On page 121, he admits: “We did not immediately go to the bush because there was the possibility of getting a consignment of arms from outside the country to start us off. The arms did not, however, materialise.” He adds on the following page: “…the struggle was therefore, held up by two factors: the anticipation of an arms consignment from outside the country, and selecting a suitable target to attack within Uganda so as to get the arms that way.”
It is neither clear from which country the said arms were to be imported nor who had helped procure them. Nevertheless, the Uganda Times of August 22, 1980, reported that Museveni had just returned from a trip in Iraq.
“…The UPM interim chairman also made another clarification about the Kiryandongo incident [his escort accidentally shot a UPM supporter dead in July] as reported in the press while he was aware in Iraq.”

On December 21, 1981, president-elect, Milton Obote, while making a speech on the prorogation of the Parliament to mark the first year Parliamentary session after 10 years of military rule, said of the National Resistance Army rebel leader Museveni, as quoted in the Uganda Times of December 22, 1981: “I am sure that members [MPs] know that soon after the liberation, in two successive UNLF administrations, one man, Yoweri Museveni, was the Minister of Defence.
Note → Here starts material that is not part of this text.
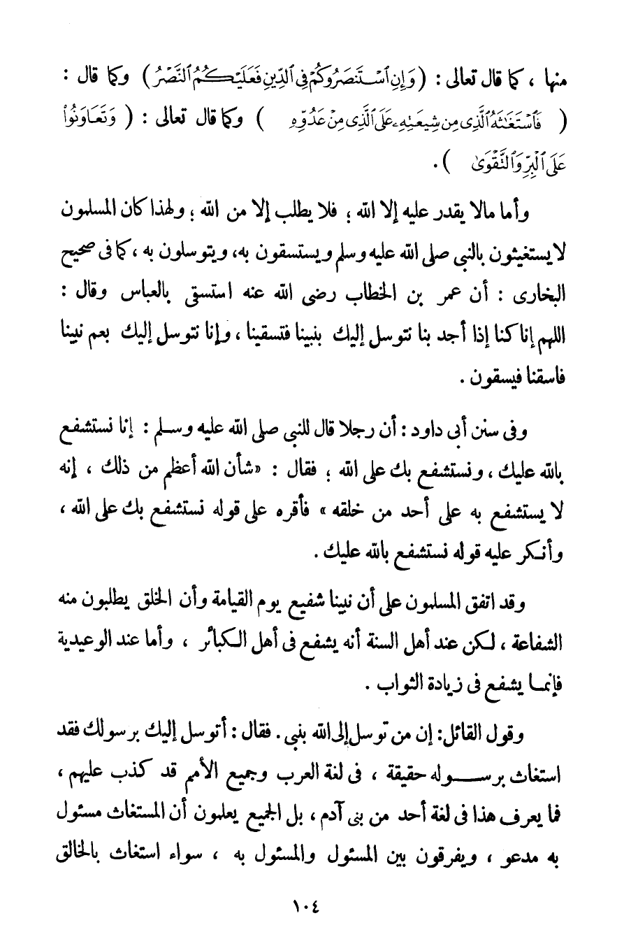 مِنْهَا كَمَا قَالَ تَعَالَى: {وَإِنِ اسْتَنْصَرُوكُمْ فِي الدِّينِ فَعَلَيْكُمُ النَّصْرُ} وَكَمَا قَالَ: {فَاسْتَغَاثَهُ الَّذِي مِنْ شِيعَتِهِ عَلَى الَّذِي مِنْ عَدُوِّهِ} وَكَمَا قَالَ تَعَالَى: {وَتَعَاوَنُوا عَلَى الْبِرِّ وَالتَّقْوَى} . وَأَمَّا مَا لَا يَقْدِرُ عَلَيْهِ إلَّا اللَّهُ؛ فَلَا يُطْلَبُ إلَّا مِنْ اللَّهِ؛ وَلِهَذَا كَانَ الْمُسْلِمُونَ لَا يَسْتَغِيثُونَ بِالنَّبِيِّ صَلَّى اللَّهُ عَلَيْهِ وَسَلَّمَ وَيَسْتَسْقُونَ بِهِ وَيَتَوَسَّلُونَ بِهِ كَمَا فِي صَحِيحِ الْبُخَارِيِّ: أَنَّ عُمَرَ بْنَ الْخَطَّابِ رَضِيَ اللَّهُ عَنْهُ اسْتَسْقَى بِالْعَبَّاسِ وَقَالَ: اللَّهُمَّ إنَّا كُنَّا إذَا أَجْدَبْنَا نَتَوَسَّلُ إلَيْك بِنَبِيِّنَا فَتَسْقِينَا وَإِنَّا نَتَوَسَّلُ إلَيْك بِعَمِّ نَبِيِّنَا فَاسْقِنَا فَيُسْقَوْنَ. وَفِي سُنَنِ أَبِي دَاوُد: {أَنَّ رَجُلًا قَالَ لِلنَّبِيِّ صَلَّى اللَّهُ عَلَيْهِ وَسَلَّمَ إنَّا نَسْتَشْفِعُ بِاَللَّهِ عَلَيْك وَنَسْتَشْفِعُ بِك عَلَى اللَّهِ؛ فَقَالَ: شَأْنُ اللَّهِ أَعْظَمُ مِنْ ذَلِكَ إنَّهُ لَا يُسْتَشْفَعُ بِهِ عَلَى أَحَدٍ مِنْ خَلْقِهِ} فَأَقَرَّهُ عَلَى قَوْلِهِ نَسْتَشْفِعُ بِك عَلَى اللَّهِ وَأَنْكَرَ عَلَيْهِ قَوْلَهُ نَسْتَشْفِعُ بِاَللَّهِ عَلَيْك. وَقَدْ اتَّفَقَ الْمُسْلِمُونَ عَلَى أَنَّ نَبِيَّنَا شَفِيعٌ يَوْمَ الْقِيَامَةِ وَأَنَّ الْخَلْقَ يَطْلُبُونَ مِنْهُ الشَّفَاعَةَ لَكِنْ عِنْدَ أَهْلِ السُّنَّةِ أَنَّهُ يُشَفَّعُ فِي أَهْلِ الْكَبَائِرِ وَأَمَّا عِنْدَ الوعيدية فَإِنَّمَا يُشَفَّعُ فِي زِيَادَةِ الثَّوَابِ. وَقَوْلُ الْقَائِلِ: إنَّ مَنْ تَوَسَّلَ إلَى اللَّهِ بِنَبِيِّ. فَقَالَ: أَتَوَسَّلُ إلَيْك بِرَسُولِك فَقَدْ اسْتَغَاثَ بِرَسُولِهِ حَقِيقَةً، فِي لُغَةِ الْعَرَبِ وَجَمِيعِ الْأُمَمِ قَدْ كُذِّبَ عَلَيْهِمْ فَمَا يُعْرَفُ هَذَا فِي لُغَةِ أَحَدٍ مِنْ بَنِي آدَمَ بَلْ الْجَمِيعُ يَعْلَمُونَ أَنَّ الْمُسْتَغَاثَ مَسْئُولٌ بِهِ مَدْعُوٌّ وَيُفَرِّقُونَ بَيْنَ الْمَسْئُولِ وَالْمَسْئُولِ بِهِ سَوَاءٌ اسْتَغَاثَ بِالْخَالِقِ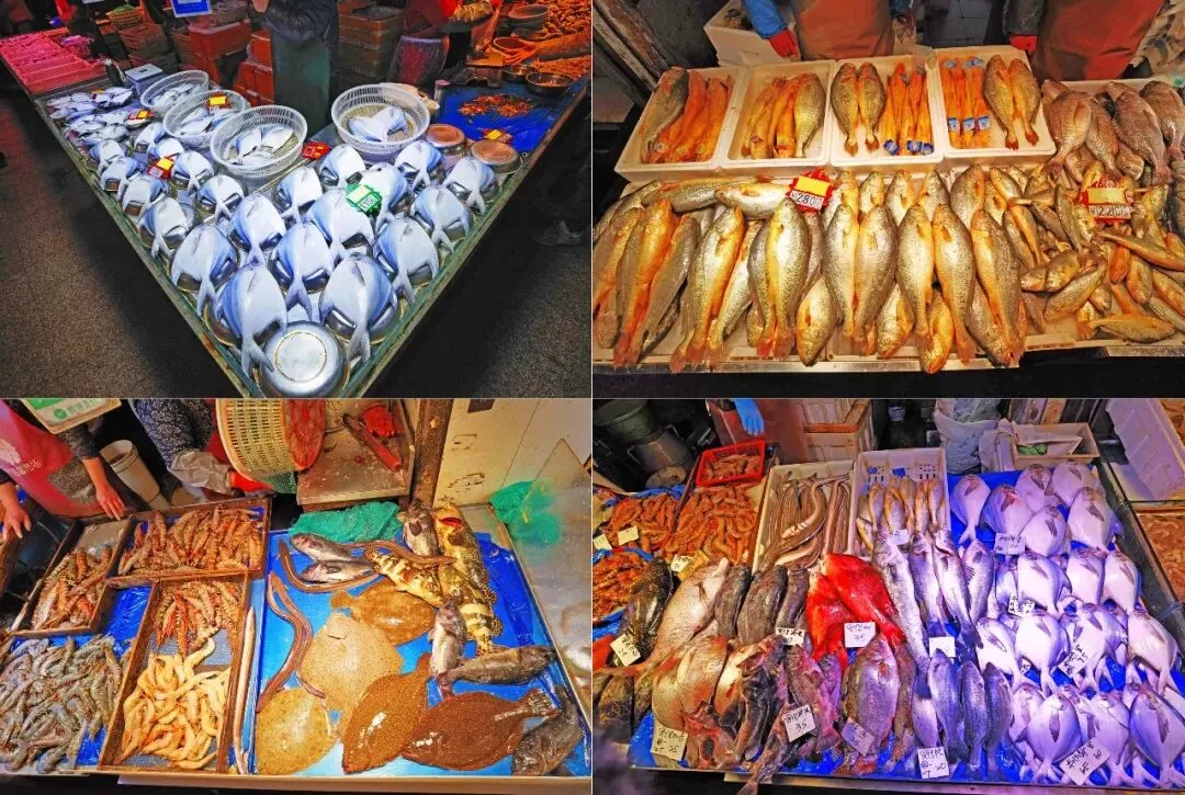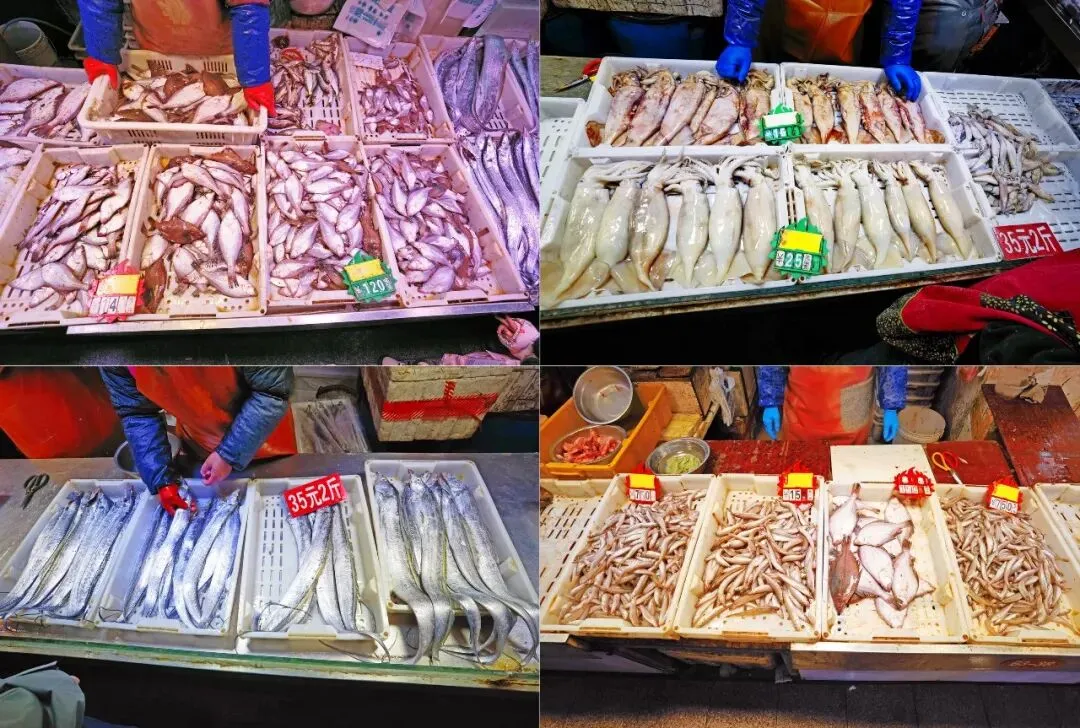 干货区继续往里走就是海鲜水产厅,这可是早市的重头戏,摊位连成片一眼望不到头,堪称小型海洋世界。冬季的海鲜摊位上,常见的是肥美的带鱼、鲳鱼、黄花鱼等海鱼,还有大量的扇贝、海蛎子、蛤蜊、蛏子等贝类小海鲜,泡沫箱里的虾虎、对虾活力满满,八带的触手还在挥舞蠕动。所有海鲜均明码标价,大部分是清晨从码头直运而来,摊主还会耐心讲解挑选技巧与烹饪方法,市场贴心的为外地客人提供泡沫箱打包服务。

I am sure that the House knows that in 1980, he made strenuous efforts to postpone the election on the argument that a “revolution had to be consolidated first.” Obote also added: “Museveni has never hidden his abhorrence for democratic means of governance. To him, political issues can only be resolved by the gun. [Godfrey] Binaisa is the vice president of UPM. [Yusuf] Lule is a long standing member of the Democratic Party. All three, together with their collaborators, are now in a joint conspiracy with Amin’s Lieutenants against peace and stability in our country.” Obote further said: “... let the people of Uganda know that the gun cannot solve problems.”